Here are the corresponding run-times in seconds:

[1414.299, 1412.033, 1411.668, 1421.735, 1411.998, 1411.094, 1412.637, 1410.047, 1410.509, 1412.048, 1411.574, 1415.299, 1411.649, 1412.94, 1412.508, 1410.912, 1415.296, 1410.778, 1407.511]

Leading to the following stats:

Mean: 1412.4492105263155
Median: 1411.998
Std: 2.8062021268488864
Min: 1407.511
Max: 1421.735

The mean time is ~1412.5 seconds, or 23.54 minutes.

ClassicLarry · 2025-09-11T22:53:43Z

This accomplishes a very cool dynamic. Basically you have gotten rid of the concept of a token embedding vector. Instead of representing a token as a fixed point in d_model dimensional space, you have added a degree of freedom where a token embedding is represented by interpolating between two points defined by embed1 and embed2, and the interpolation point varies by layer.

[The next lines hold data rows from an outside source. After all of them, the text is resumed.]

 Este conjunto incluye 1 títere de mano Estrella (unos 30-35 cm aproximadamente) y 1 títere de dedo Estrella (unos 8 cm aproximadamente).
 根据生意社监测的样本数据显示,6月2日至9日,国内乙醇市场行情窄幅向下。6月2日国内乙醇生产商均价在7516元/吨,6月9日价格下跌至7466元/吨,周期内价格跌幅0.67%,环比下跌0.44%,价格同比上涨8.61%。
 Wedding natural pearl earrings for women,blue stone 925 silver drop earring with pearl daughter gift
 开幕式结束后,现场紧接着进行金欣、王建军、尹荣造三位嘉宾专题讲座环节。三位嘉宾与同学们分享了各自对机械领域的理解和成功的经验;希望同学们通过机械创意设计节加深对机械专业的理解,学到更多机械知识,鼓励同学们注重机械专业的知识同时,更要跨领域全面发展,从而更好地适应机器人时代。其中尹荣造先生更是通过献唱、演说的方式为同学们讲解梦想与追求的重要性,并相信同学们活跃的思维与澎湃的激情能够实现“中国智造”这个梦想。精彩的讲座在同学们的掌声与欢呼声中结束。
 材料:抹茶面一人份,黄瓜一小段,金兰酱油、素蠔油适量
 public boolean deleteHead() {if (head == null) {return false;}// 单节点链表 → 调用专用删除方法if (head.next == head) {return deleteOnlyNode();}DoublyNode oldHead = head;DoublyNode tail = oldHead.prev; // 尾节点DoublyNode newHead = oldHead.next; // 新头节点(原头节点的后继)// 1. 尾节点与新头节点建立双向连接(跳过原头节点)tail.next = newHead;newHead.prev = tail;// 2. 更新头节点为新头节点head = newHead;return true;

Just a thought, the optimal interpolation point may vary by token- it could be worthwhile to extend lambdas[1] from size 1 to size vocab_size.

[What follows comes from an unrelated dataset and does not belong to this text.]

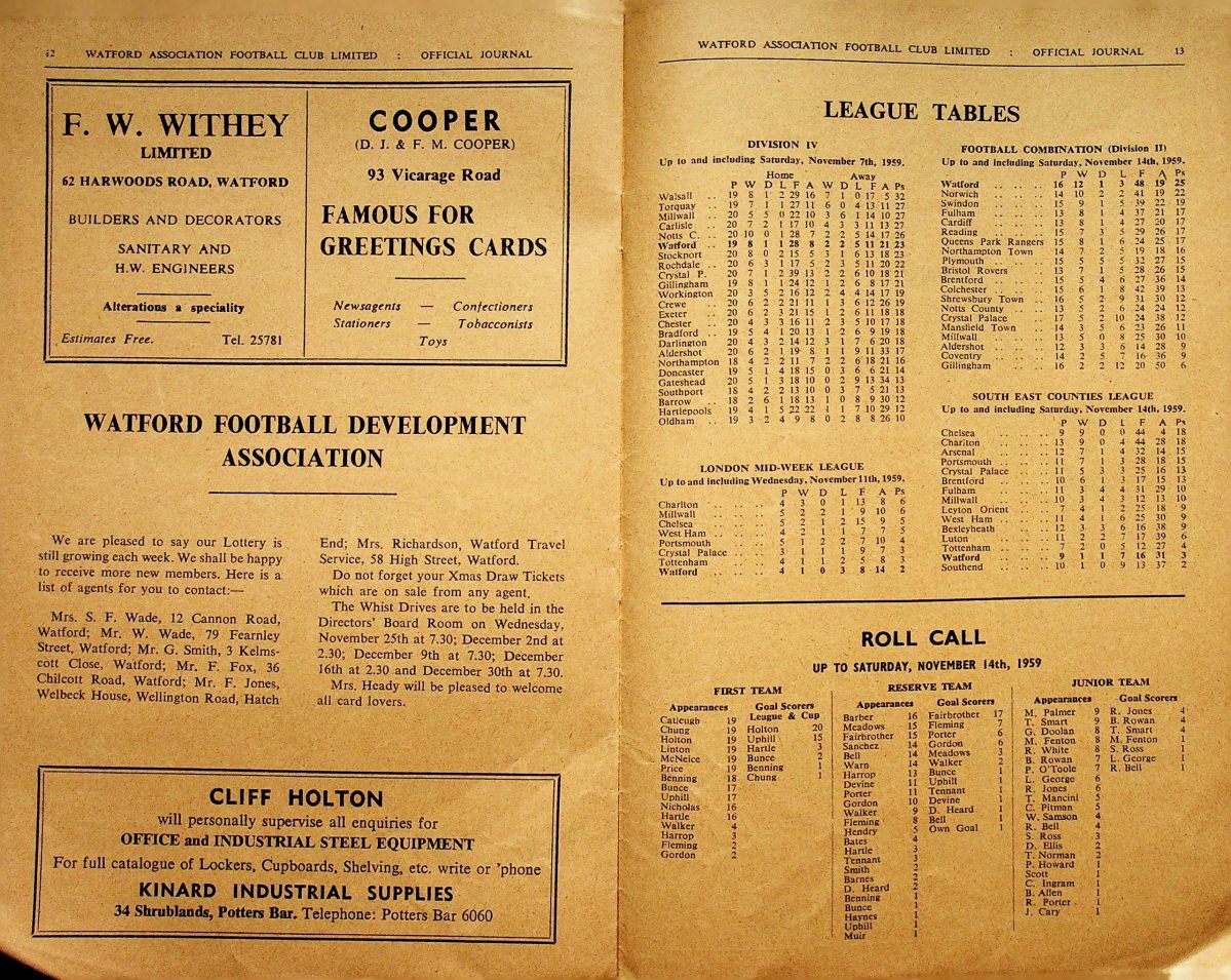 21st November 1959- Football Combination, Northampton Town Reserves 1 Watford Reserves 5 Watford Observer match report Share this: Share on X (Opens in new window) X Share on Facebook (Opens in new window) Facebook
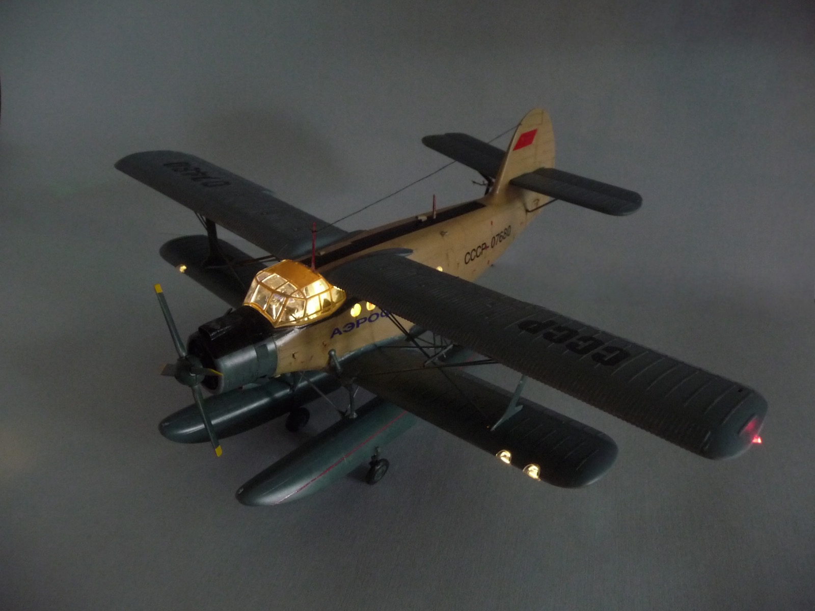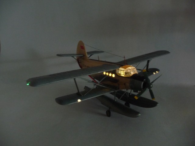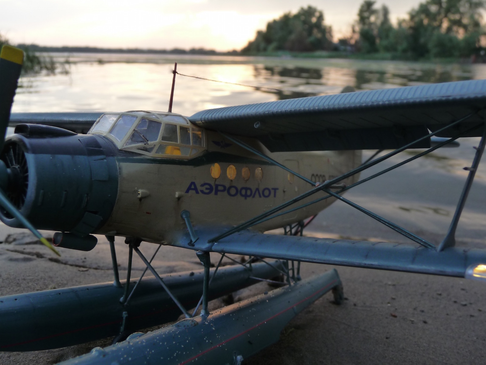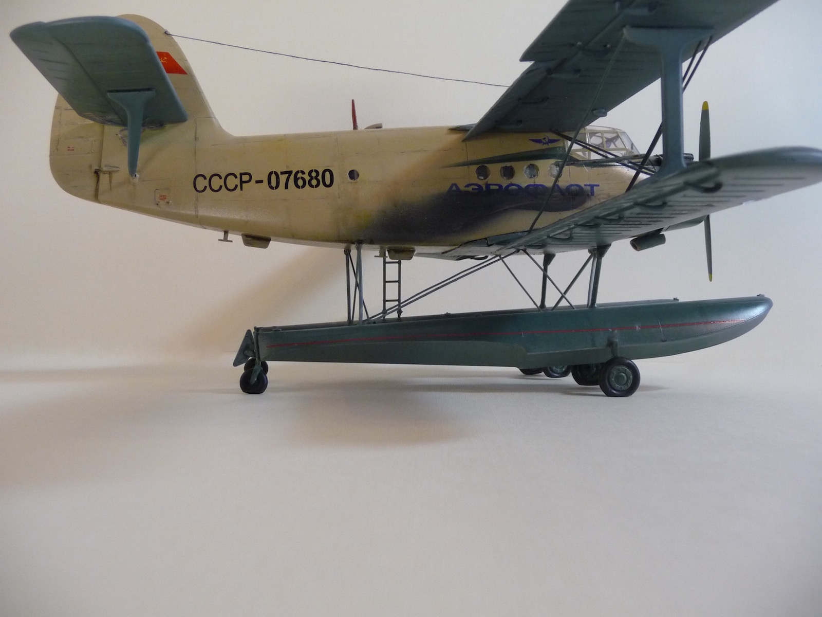 Юрий, хорошая модель, хотя в матчасти есть ошибки. Верхняя часть остекления кабины д.б. прозрачной. Стойки-опоры поплавков должны иметь наклон в обратную сторону. Характерная для Ан-2 V-образность крыльев практически отсутствует. Лесенка выставлялась после приземления, т.е. приводнения. И ещё...

snimu · 2025-09-12T04:43:06Z

Thanks!

Interesting thought. You mean replacing the scalar lambdas with a 1D embedding layer? I'll have to think about that a bit more, might try it out next week though (or you can if you want to :)).

About the dynamic that developed in some of my runs at least, I have looked into this a bit more. From what I can tell, x00 is interpreted by the lm head as next-token predictions (must be 1-gram statistics), even though at the input it's equal to x. The nice thing about that is that it means minimal edit need of the input vector (x01 is suppressed at the early layers); the model only has to make slight corrections to x00 in order to make its prediction!
x01 is interpreted as a distribution over a bunch of synonyms of the input token, and basically a list of tokens that mean the same thing (" agent"; " Agent"; ...).

I'll release a blog post on it soon!

ClassicLarry · 2025-09-12T11:02:18Z

Yes, with 1D embedding layer. I tested both this PR and a simple lambda-vocab embedding on the short track with 8H100s and the runtime increase was too high to justify the addition.

self.lambda_embeds = nn.ModuleList([nn.Embedding(vocab_size, 1) for _ in range(num_layers)])
for lambda_embed in self.lambda_embeds:
  nn.init.ones_(lambda_embed.weight)

x0_active = x0*self.lambda_embeds[i](input_seq)
x = self.blocks[i](x, x0_active, lambdas[i], attn_args)

Strangely, the token lambda embedding gave a 1% speedup on A100 in google colab, but this didn't translate to H100.

snimu · 2025-09-12T11:42:14Z

I'm not surprised about the runtime issue; I actually experimented with adding two, three, four, or five additional embedding layers. With each one, the per-step loss fell, but less and less, so that timing-wise only one additional embedding was worth it (and just barely). I imagine that with the smaller (and thus shallower) model, the embeddings cause higher relative overhead than in the medium track. The lambda-embeddings might have the same effect: very slight loss improvement, bigger time penalty. If I have the time, I'll still try it on the medium track just to see.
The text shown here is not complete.